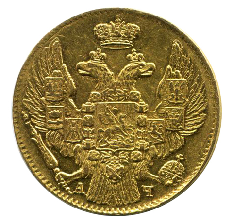 Реверс: вдоль края монеты разделенная вверху розеткой надпись «ЧИСТОГО ЗОЛОТА 1 ЗОЛОТНИК 39 ДОЛЕЙ», в середине в точечном ободке обозначение номинала цифра «5», слева и справа звездочки, ниже слово «РУБЛЕЙ», под ним две направленные в разные стороны фигурные черты, ниже год выпуска монеты «1842», под ним обозначение монетного двора «СПБ».
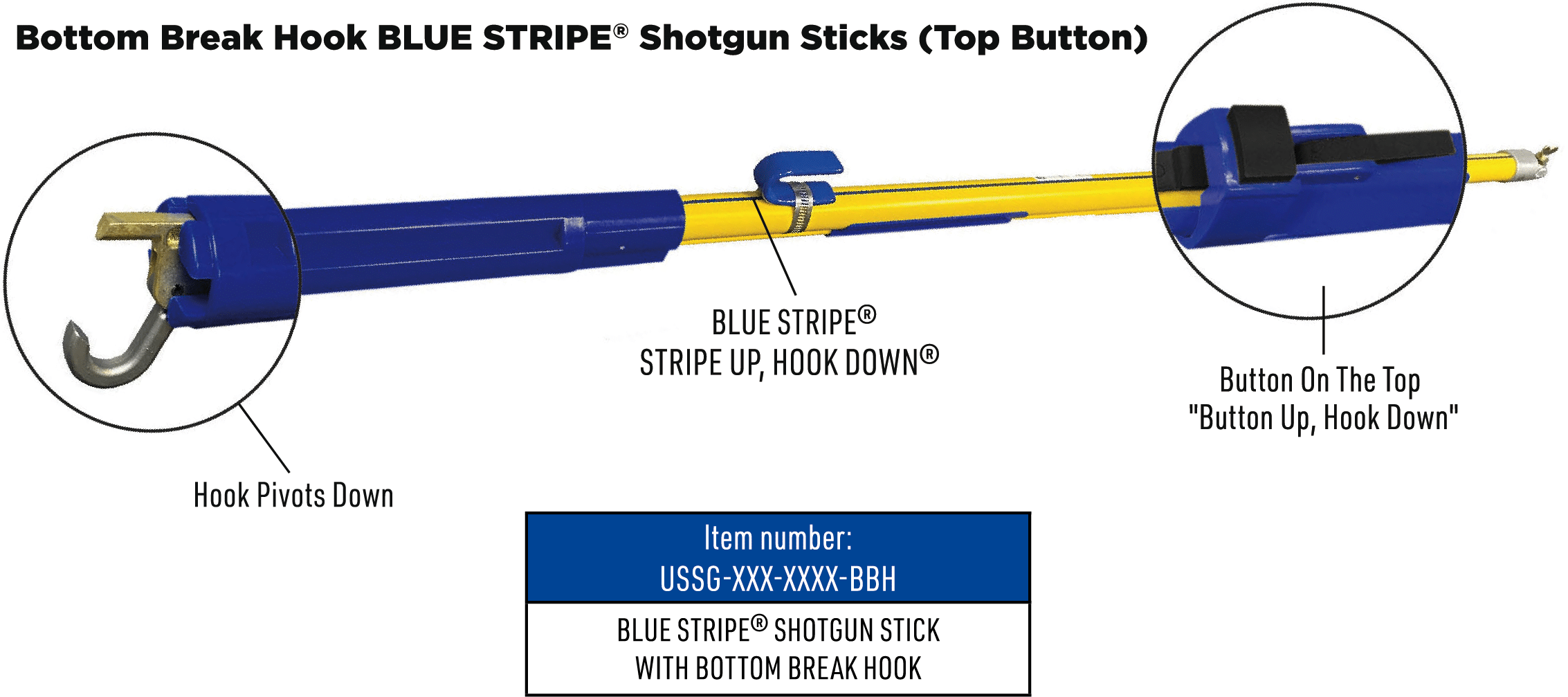 All BLUE STRIPE® Shotgun Sticks are available with two distinct operating handle orientations. The variations include a version with a side button (Standard) with the hook pivoting down and a bottom break hook (BBH) version.
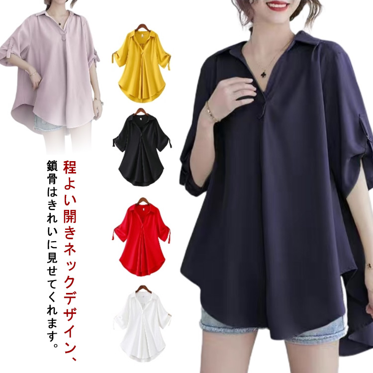 ゆったり ~6 体型カバー 通勤 ロングブラウス 大人 女性 薄手 5分袖レディースファッション トップス シャツ ブラウス
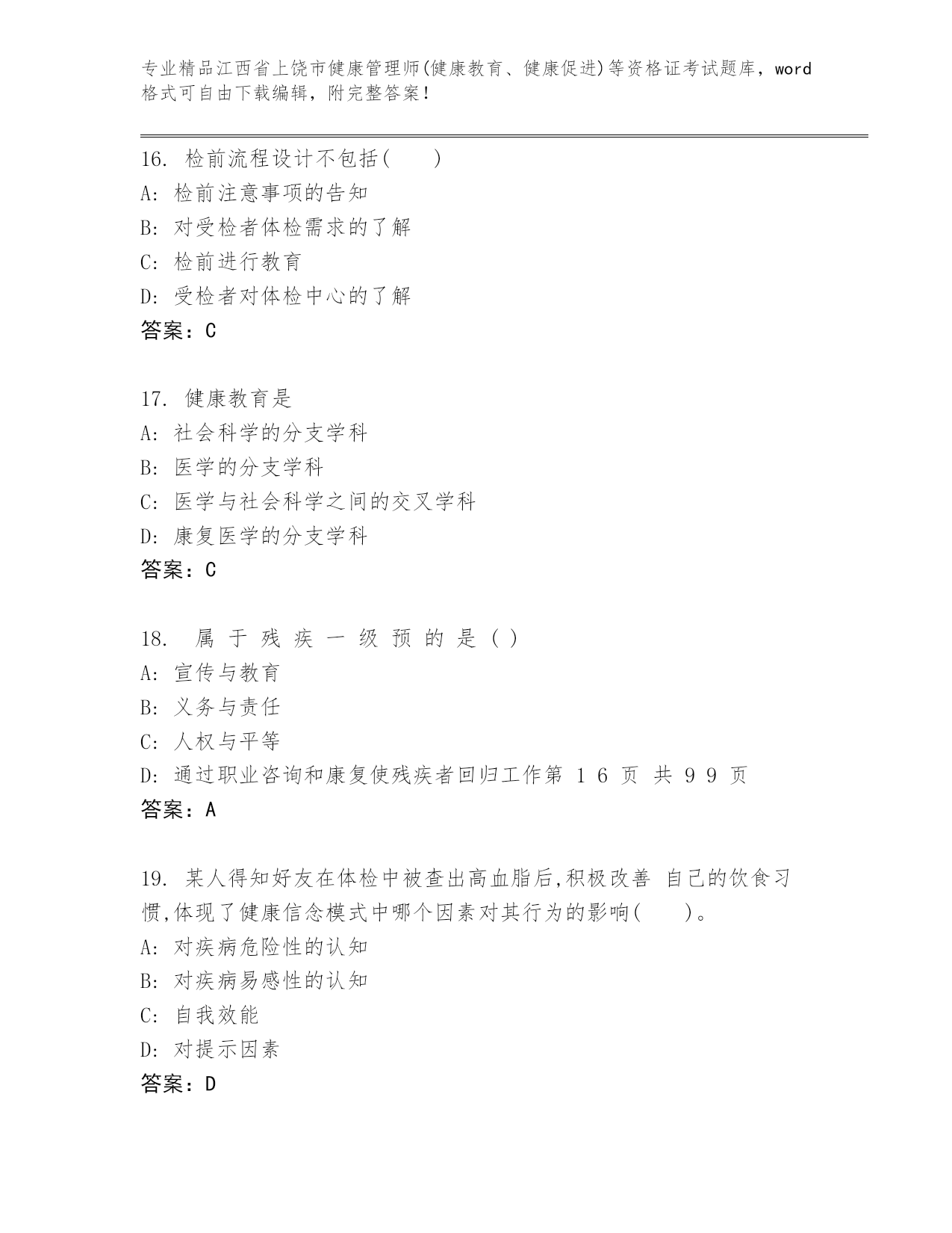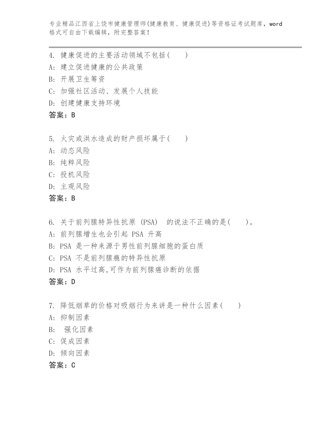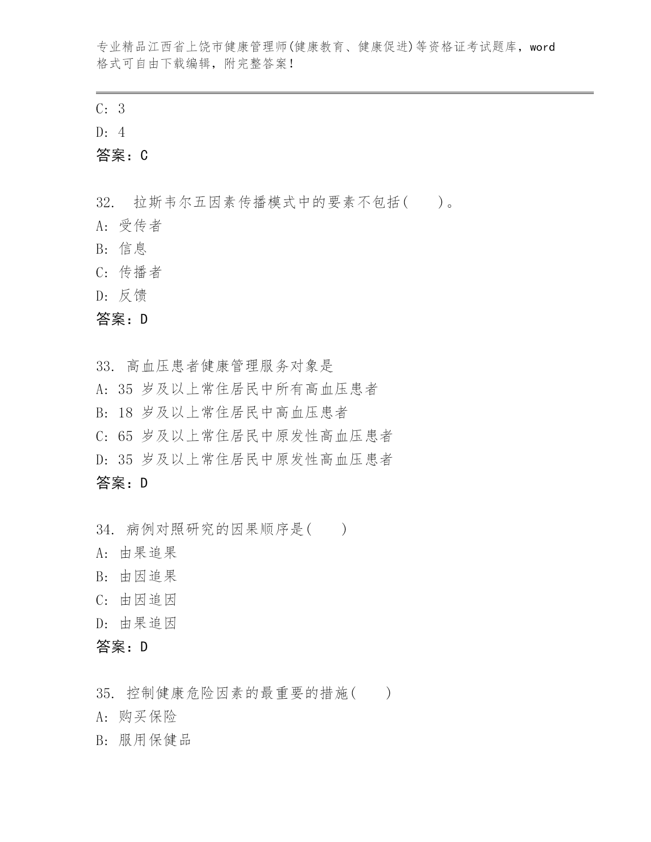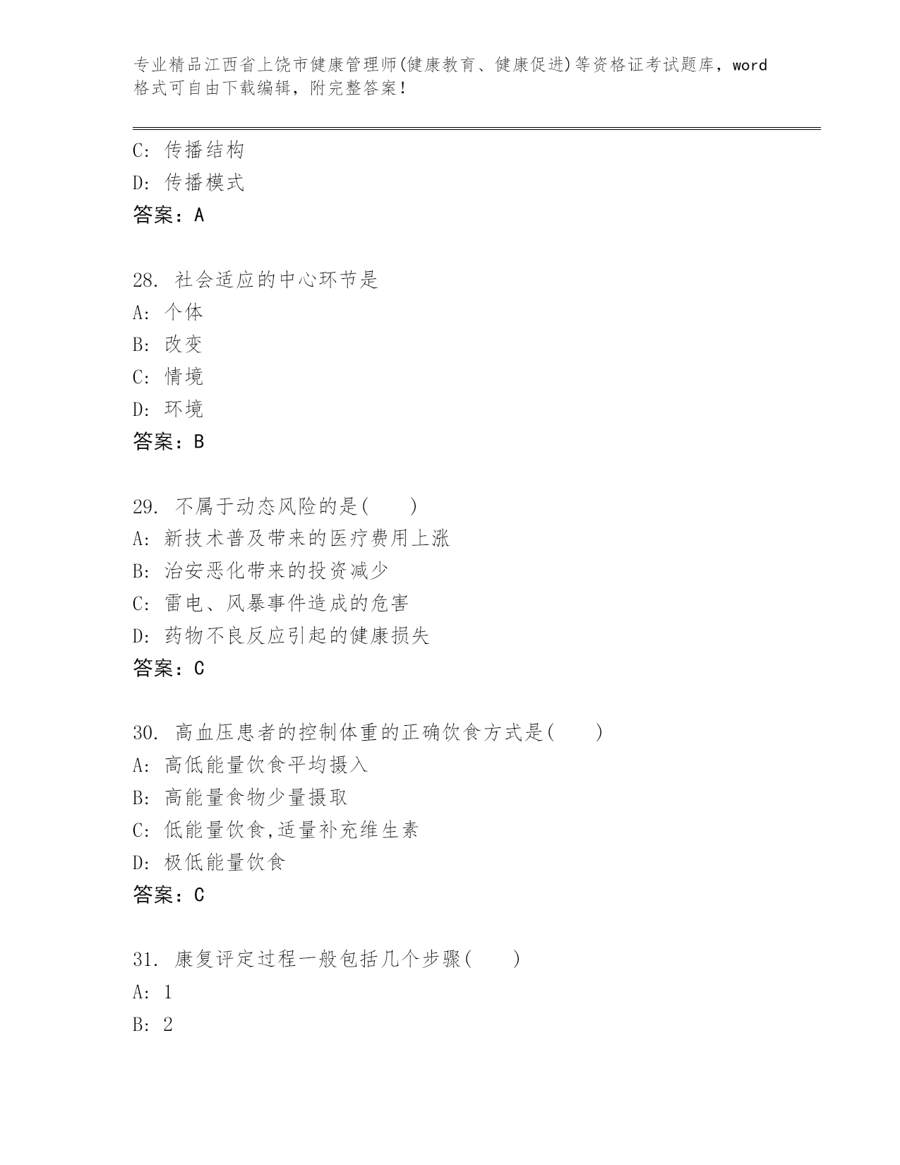 历年江西省上饶市健康管理师(健康教育、健康促进)等资格证考试(考点提分).docx
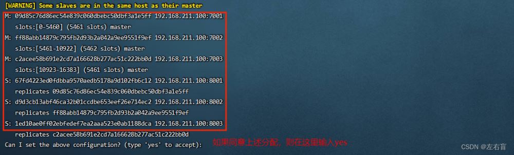 执行上述命令之后,控制台会列出当前主从节点分配的结果,即将那些slave分别分配给哪些master,并询问你是否同意,这里我们输入'yes'即可
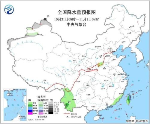 10月31日08时至11月1日08时,新疆西部和天山西部等地有小到中雪或雨夹雪,其中,阿勒泰北部局地有暴雪。云南中西部、华南东部和台湾岛等地有小到中雨,其中台湾东北部局地有大到暴雨。新疆西北部、内蒙古中部等地有4~6级风。(见图3)。南海东北部和中东部海域将有8~9级大风,阵风10~11级,“玉兔”中心经过的附近海域或地区的风力可达12级,阵风13~14级。
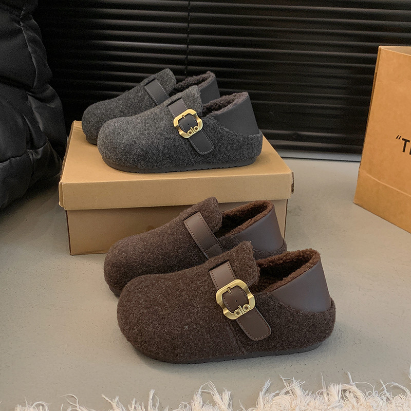 米新款~真皮羊羔绒保暧平跟勃肯鞋2025年冬款防滑底加毛豆豆鞋
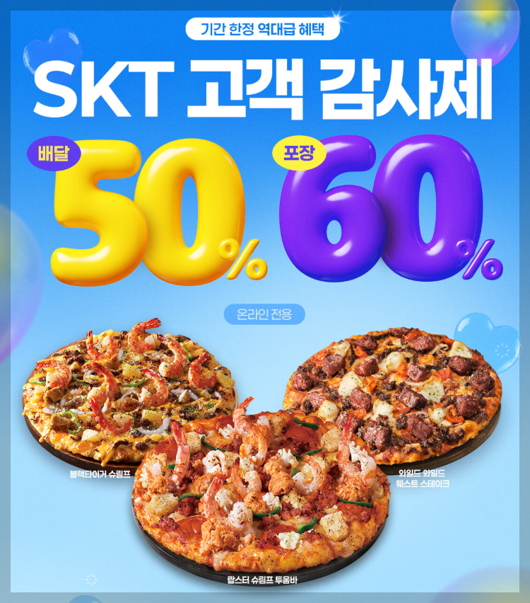 이번 SKT 도미노피자 할인 혜택은 두 가지로 나뉩니다. 배달 시 50% 할인(최대 2만 5천 원), 포장 시 60% 할인(최대 3만 원)입니다.
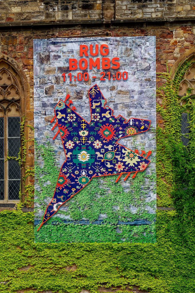Rug Bombs ist nun aber wirklich ein Kunstprojekt an der Brüderkirche. „Tanks, fighter jets, bombed-out cities, people fleeing. The subjects in RUG BOMBS are a savage depiction of the world’s current situation.“
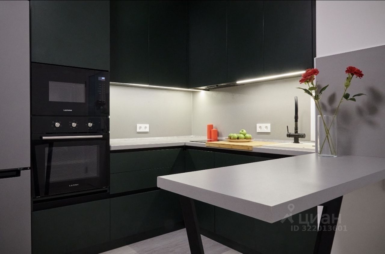 Кухонная зона оснащена современной встроенной техникой: индукционная варочная панель, духовой шкаф, вытяжка, микроволновая печь, холодильник, чайник, встроенный фильтр для питьевой воды.
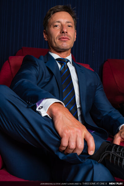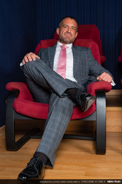 The legendary Cine-X is open and ready for the debauchery that usually ensues indoors! For the evening's showing, the young usher John Brachalli leads David Linset to his assigned seat; exchanging a look or two with him in doing so. Soon, the usher comes in again - this time with Steve Jouret, a regular at the cinema who has made plans to be naughty with David. Once the film starts, the two studs begin to enjoy themselves and play together. The new usher John can't control his urges and pulls out and starts jerking his cock, enjoying the view from a distance. The cinema play session gets even hotter when David invites the usher to join in on the fun. And what a threesome play session it turns out to be -- each stud flip-flop fucking each other, ending with the young usher getting showered with cum.
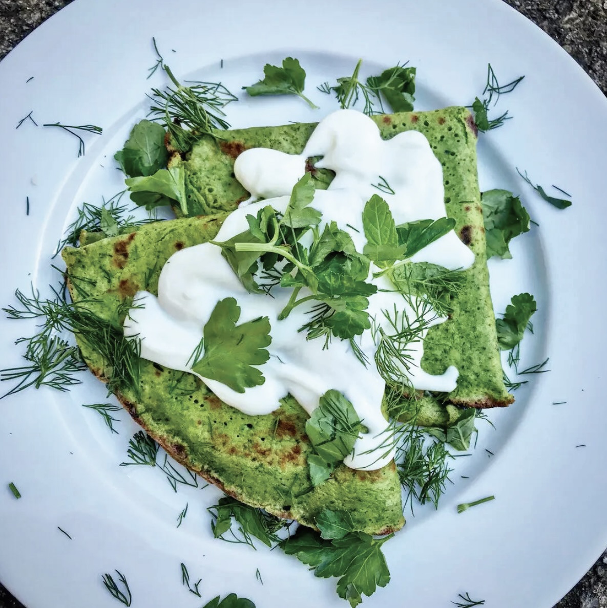 Podanie: Podawaj od razu lub podgrzane na patelni. Naleśniki tuż przed podaniem możesz okrasić kleksem gęstego jogurtu greckiego i posypać posiekanymi ziołami, których użyłeś do farszu.

········

| Problem requirements |
Skip the pictures. Return exactly the lines from the one containing "The legendary Cine-X" through the end of the data above, both included, and nothing besides.

| Exercise solution |
 The legendary Cine-X is open and ready for the debauchery that usually ensues indoors! For the evening's showing, the young usher John Brachalli leads David Linset to his assigned seat; exchanging a look or two with him in doing so. Soon, the usher comes in again - this time with Steve Jouret, a regular at the cinema who has made plans to be naughty with David. Once the film starts, the two studs begin to enjoy themselves and play together. The new usher John can't control his urges and pulls out and starts jerking his cock, enjoying the view from a distance. The cinema play session gets even hotter when David invites the usher to join in on the fun. And what a threesome play session it turns out to be -- each stud flip-flop fucking each other, ending with the young usher getting showered with cum.
 Podanie: Podawaj od razu lub podgrzane na patelni. Naleśniki tuż przed podaniem możesz okrasić kleksem gęstego jogurtu greckiego i posypać posiekanymi ziołami, których użyłeś do farszu.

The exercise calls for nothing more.